October 19, 2010
Our company has acquired a new manufacturing company. The new company has certain components, which are different from the new parent company. First, it has two different pension plans, which our company will have to research and to learn how to report on our financial statement. Also they have two different segments, which our objective is to eliminate. Our first goal is to define the pension plans and other retirement benefit plans and how we are to report them on our financial statements. Our second goal is to define the steps to eliminate the two segments within the guidelines of the Federal Accounting Standard Boards and the Statement of Financial Accounting Standards.

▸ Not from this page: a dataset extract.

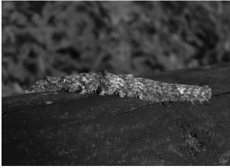
図 12) フシキキシタバ 幼虫 (野澤撮影).

フタトガリアオイガ Xanthodes transversa Guenée [麻生区] 1 ex., 早野, 6-VIII-2011, 山本 晃. 川崎市初記録.

Acquiring a new company is always stressful as all the different components are recognized and defined. We have acquired a new company that has two segments and two different pension plans. Our goal is to define the pension plans and how we are to report them on our financial statements. We will discuss the two segments and what we need to do to eliminate them correctly without repercussions to the parent company. This report will assist the Chief Executive Officer in making the decisions he will need going forth with our new acquisition. . Defined Contribution Plan
The first pension plan defined is called a defined contribution plan. In this pension plan the employer has agreed to contribute a certain amount each year. Sometimes both the employer and employee agree to contribute to the employee’s account. The contributions are invested for the employee and at retirement he or she will receive the balance in the employee’s account, which consists of the contributions plus or minus the gains or losses. The account value will fluctuate because of the value of the investments. Some examples of defined contribution accounts are 401(k) plans, 403(b) plans, employee stock...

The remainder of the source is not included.